In the eye, I saw something strange. Around the edges, spectral blue light dipped and fell into the other side, revealing another station that should’ve not been there from the outside. Ingrish told me that Gravitronic Relays use a star’s energy to bend gravity and connect with another Relay in another star system. Ships can then travel along this network, immensely cutting down transit times.
But as the Aphelion entered a traffic lane to go through the eye, I felt myself strangely upset. This place was so large, so new. It was like a miniature world unto itself. There were so many people. So many ships. And the city below—no, above! How could this place, this great concourse, not be our destination?

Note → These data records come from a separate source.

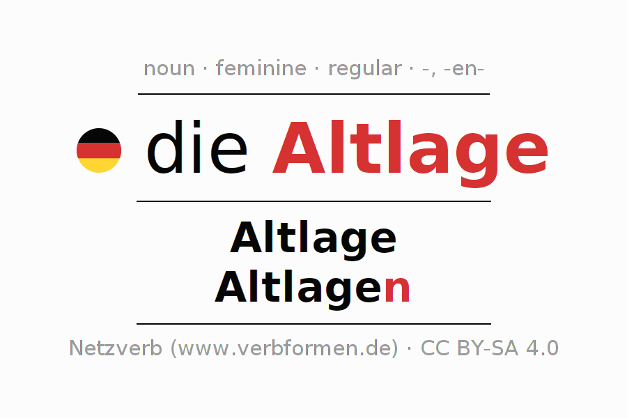 The declension of Altlage as a table with all forms in singular (singular) and plural (plural) and in all four cases nominative (1st case), genitive (2nd case), dative (3rd case) and accusative (4th case). Especially for German learners the correct declension of the word Altlage is crucial.
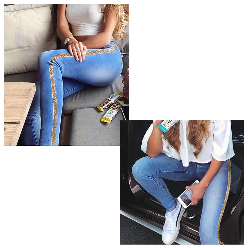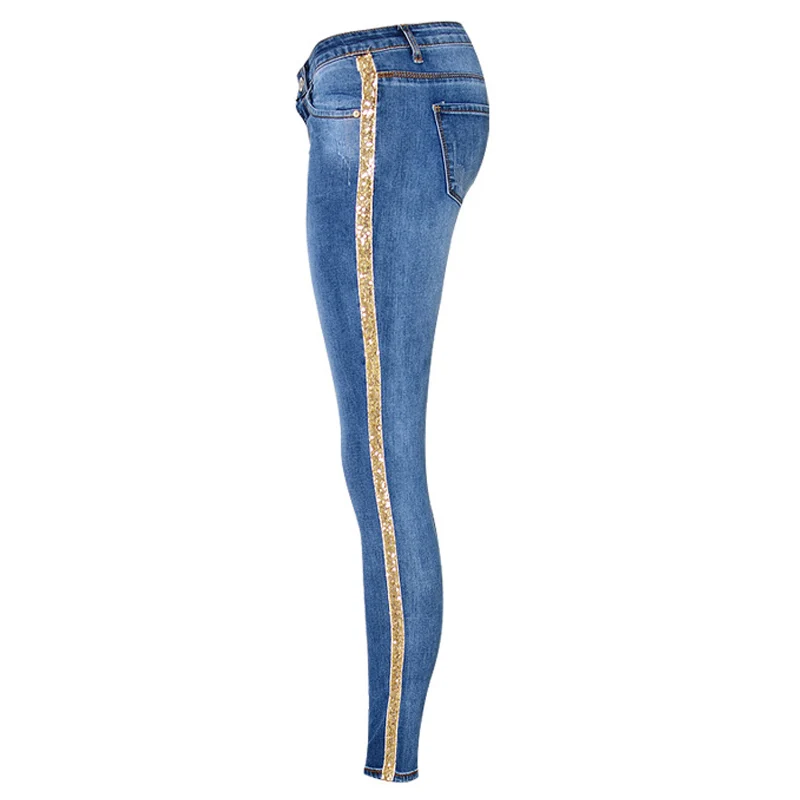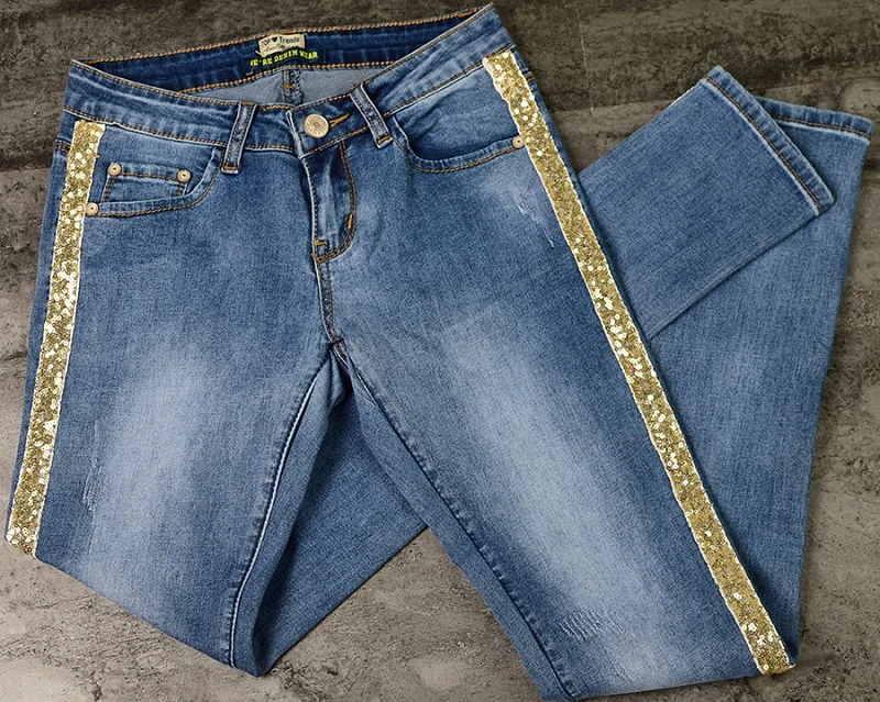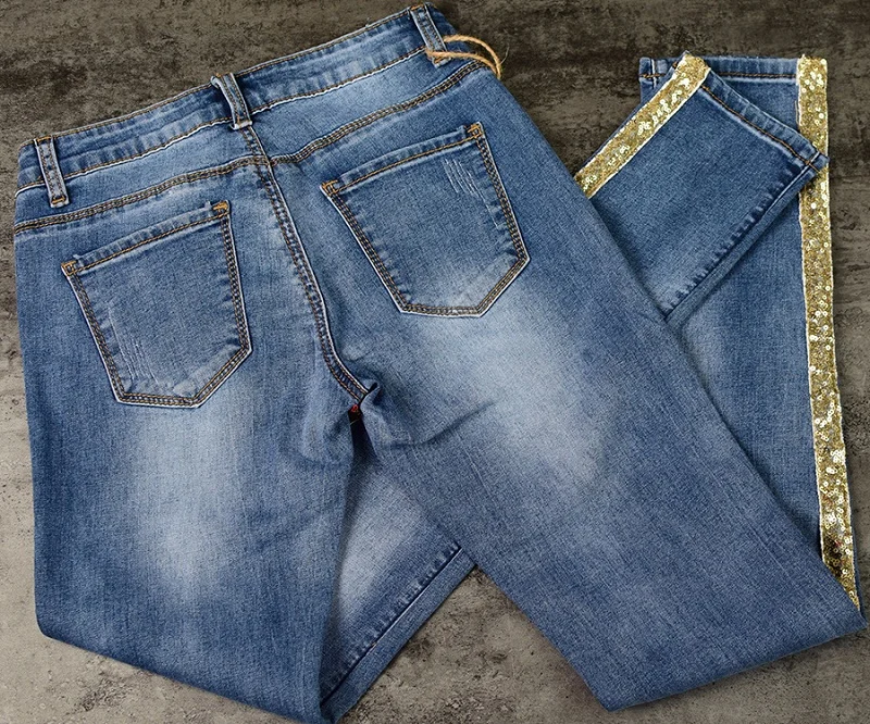 Description 2:package hips sexy skinny pecil jeans gold sequins jeans feminino
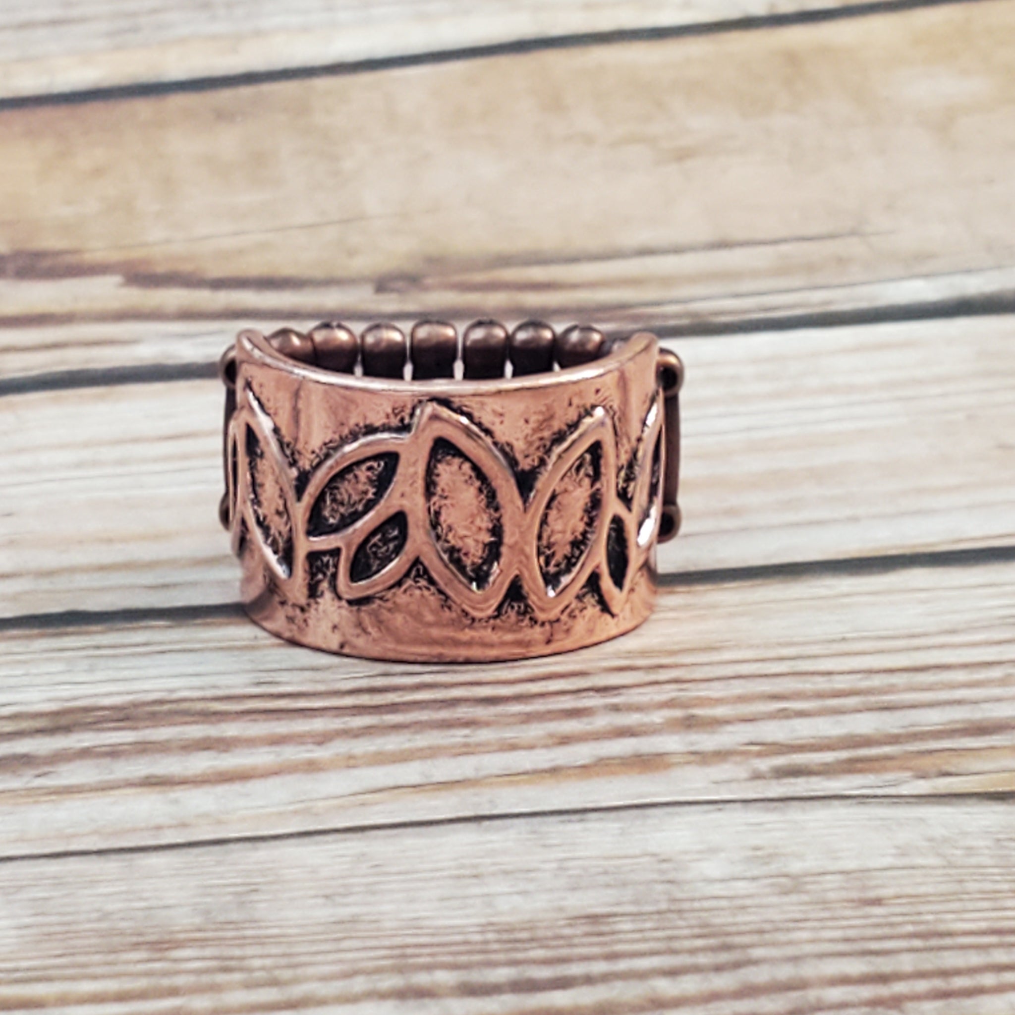 The front of a thick copper band is embossed in whimsical leafy detail, creating a shimmery seasonal centerpiece across the finger. Features a stretchy band for a flexible fit.
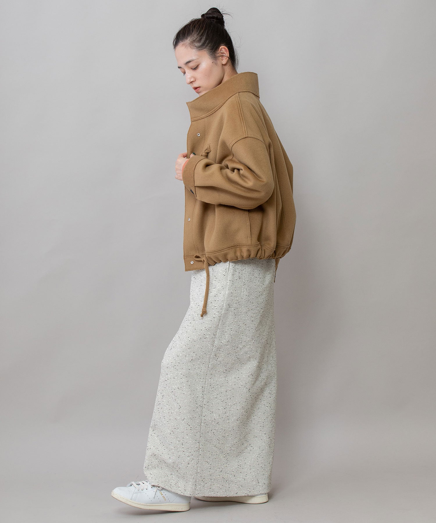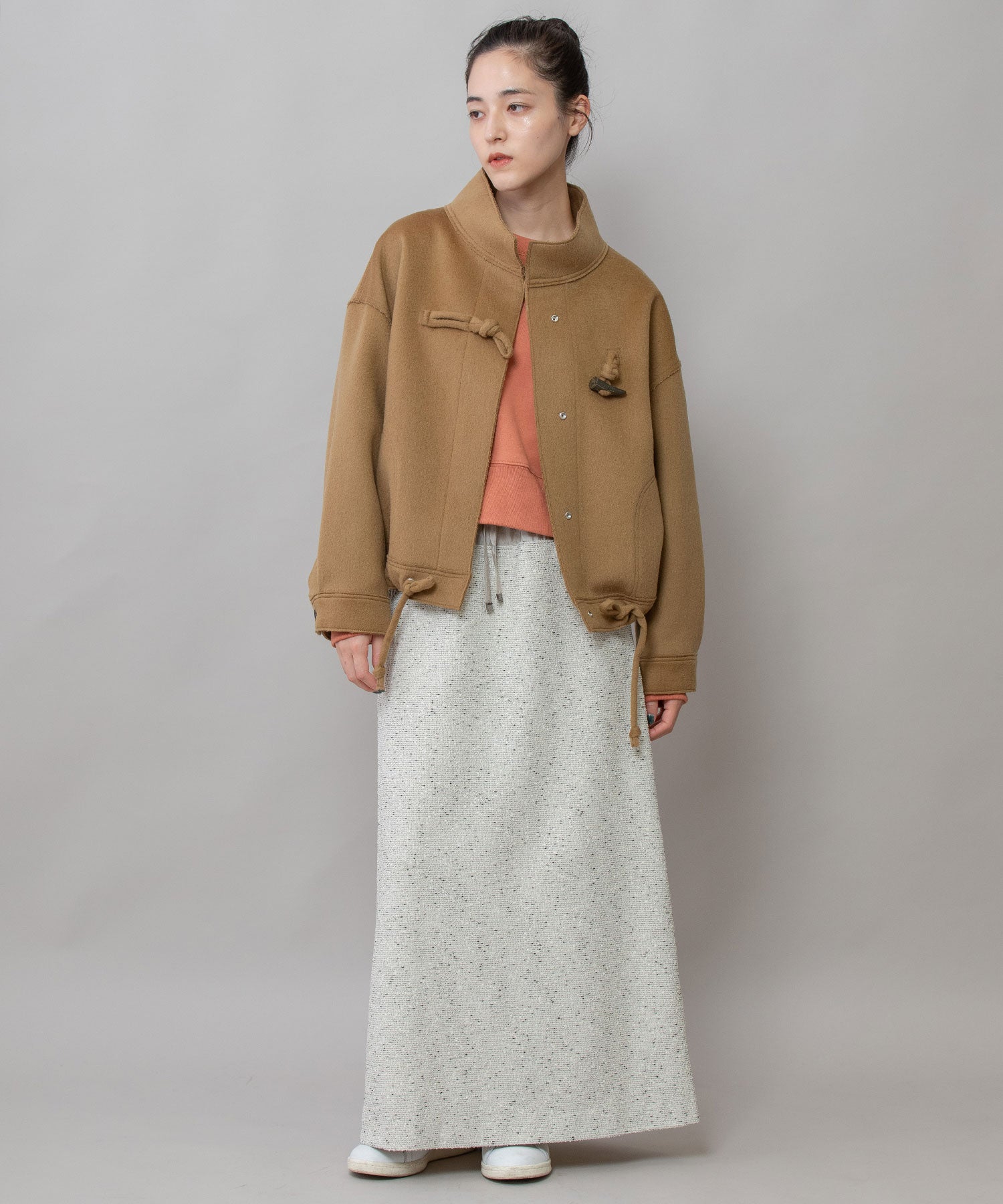 裾は画像のキャメルのように少しブラウジングさせて着ることもでき、胸元のトグル以外に裾までかくしドットがあるのでショート丈でもしっかり防寒アイテムとして使えます。

Of course, this Relay was just another one of billions, if not a little on the smaller side. Before I even had time to collect my thoughts, the ship entered the event horizon of the eye, and then we were somewhere else.
Ingrish pulled me away from the viewport by the second or third time we passed through, and over the course of the day, I lost track of how many Relays we had gone through. But before I went to sleep that night, I took one last look outside. Below, I saw crystalline spires and glimmering orbs lit by a red sun. And like all the others, this Relay ended in yet another ringed eye.
I marveled at this strange place built by a stranger people before it was gone too.